Backlog represents contracted revenue on existing bid agreements as well as estimates of revenue to be realized over the contractual life of existing long-term MSAs. The contractual life of an MSA is defined as the stated length of the contract including any renewal options stated in the contract that we believe our customers are reasonably certain to execute.

Book-to-bill Ratio

Book-to-bill ratio represents the ratio of total awards won in a period to total revenue recognized in the same period.

Sales Pipeline

Sales pipeline represents our current unweighted bids and opportunities tracked in our sales database.
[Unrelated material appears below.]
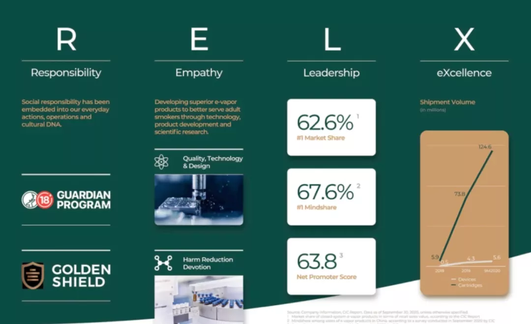 雾芯科技公司以RELX品牌运营,在零售方面,其在中国的闭式电子蒸发产品市场占有62.6%的份额。该公司已与110个授权分销商合作,向5,000多个RELX品牌合作伙伴商店以及遍布全国250多个城市的全国100,000多个其他零售商店提供产品。截至2020年9 月30日的9个月,收入几乎翻了一番,达到3.24亿美元,净收入为1600万美元。在截至2020年9月30日的12个月内的销售额为4亿美元。香

Non-GAAP Financial Measures

We prepare and present our financial statements in accordance with GAAP. However, management believes that EBITDA, Adjusted EBITDA, Adjusted EBITDA Margin, Adjusted Net Income, Adjusted Diluted Earnings per Share, and Net Debt to Adjusted EBITDA Ratio, all of which are measures not presented in accordance with GAAP, provide investors with additional useful information in evaluating our performance. We use these non-GAAP measures internally to evaluate performance and to make financial, investment and operational decisions. We believe that presentation of these non-GAAP measures provides investors with greater transparency with respect to our results of operations and that these measures are useful for period-to-period comparisons. Management also believes that providing these non-GAAP measures helps investors evaluate the Company’s operating results in a way consistent with how management evaluates such matters.
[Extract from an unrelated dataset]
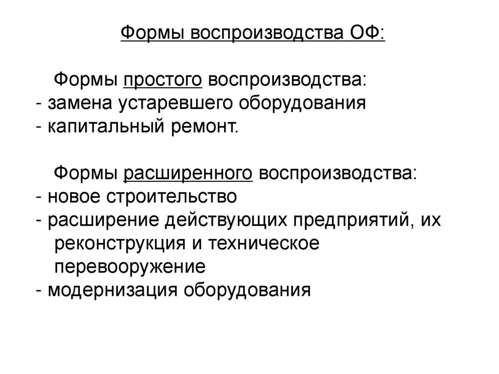 воспроизводства ОФ.

EBITDA is defined as earnings before interest, taxes, depreciation and amortization. Adjusted EBITDA is defined as EBITDA adjusted for (i) non-cash stock-based compensation, (ii) separation-related costs, (iii) strategic review costs, (iv) severance costs, (v) securitization facility transaction fees, (vi) other professional fees, and (vii) CEO transition costs. Adjusted EBITDA Margin is defined as the percentage derived from dividing Adjusted EBITDA by revenue. Management believes that EBITDA helps investors gain an understanding of the factors affecting our ongoing cash earnings from which capital investments are made and debt is serviced, and that Adjusted EBITDA provides additional insight by removing certain expenses that are non-recurring and/or non-operational in nature. Management believes that Adjusted EBITDA Margin is useful for the same reason as Adjusted EBITDA, and also provides an additional understanding of how Adjusted EBITDA is impacted by factors other than changes in revenue. Because these non-GAAP metrics, as defined, exclude some, but not all, items that affect comparable GAAP financial measures, these non-GAAP metrics may not be comparable to similarly titled measures of other companies.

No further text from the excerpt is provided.